Etymologically, taxonomy is a classification system. Describing something as “green” designates a classification system for economic activities that are globally sustainable. It’s therefore useful in financial dealings to indicate whether or not investments are “sustainable”. The main idea is to create a common language (or vocabulary) based on a series of identical criteria that investors can use everywhere. That should allow “greenwashing” activities to be countered, and that should also allow investors to re-target their application of funds toward companies and technologies that are sustainable in the sense of being environmentally friendly. Which should, ultimately, contribute to the goal of the EU being carbon neutral by 2050.
What are the criteria for a “sustainable activity”?

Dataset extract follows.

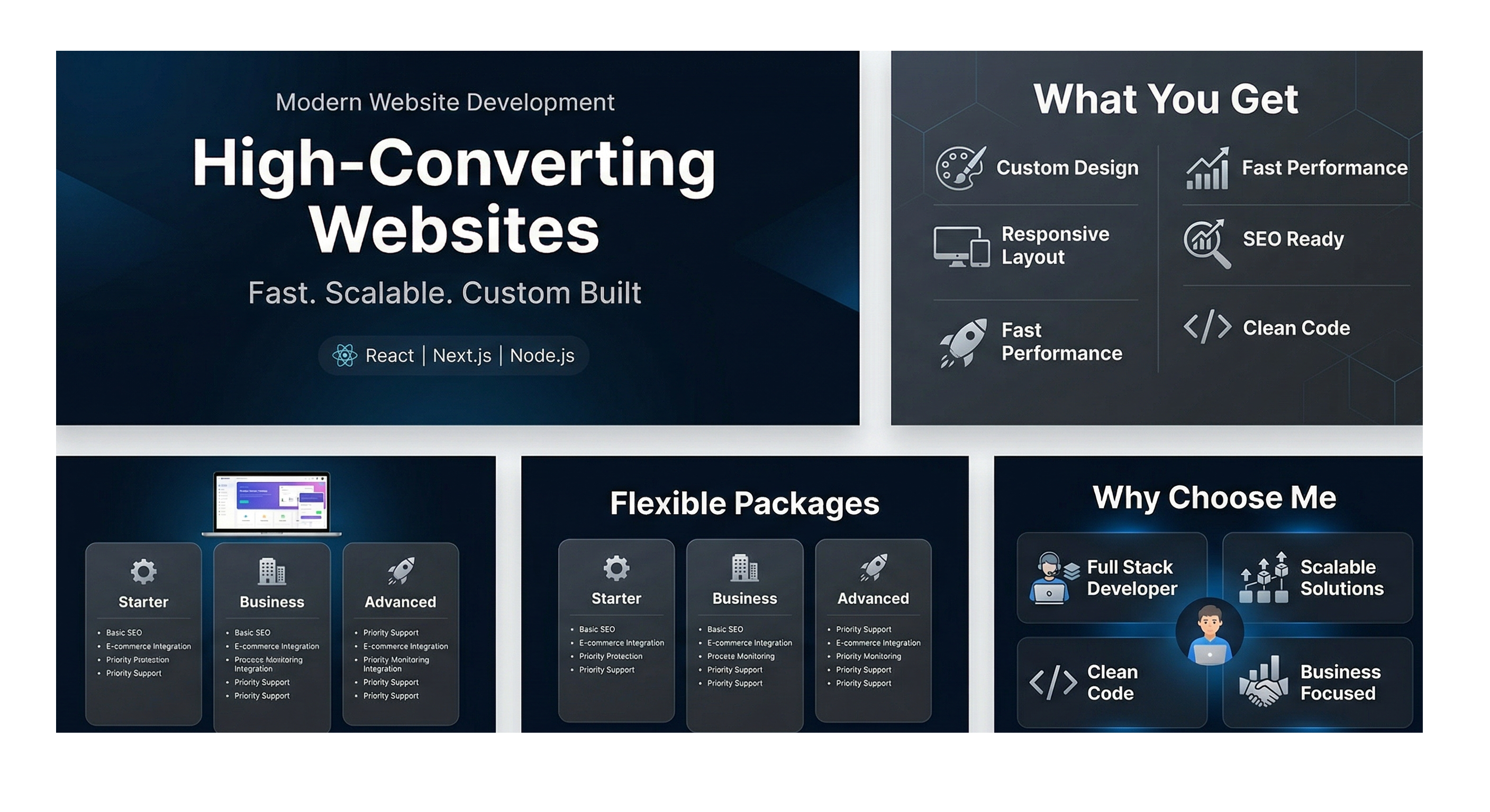 Full-stack developer building fast, scalable, and high-converting digital products. I specialize in websites, mobile apps (iOS & Android), backend systems, APIs, and AI integrations. I focus on helping businesses generate leads, improve conversions, and automate workflows. Currently working with the Ministry of AYUSH and led a team that won Smart India Hackathon 2024. Delivering clean, reliable, and production-ready solutions.

The “criteria for determining whether an economic activity qualifies as environmentally sustainable” are set out in EU Regulation 2020/852 of 18 June 2020*. Accordingly, to be considered as “environmentally sustainable”, an economic activity must contribute substantially to one or more of the environmental objectives set out in Article 9 (see box) and not cause any significant detriment to any of these objectives. The activity must also be exercised while respecting the minimum guarantees set out in Article 18 (guiding principles of the OECD and the United Nations, the ILO conventions, Human Rights etc.). And it must comply with the technical review criteria established by the Commission (cf. “Substantial contribution to each of the environmental objectives”, Art. 10 to 15).
* Learn more at: EUR-Lex – 32020R0852 – FR – EUR-Lex (europa.eu)
Note that the definition given of circular economy (cf. Art 2) is probably one of the best available. Well worth looking at.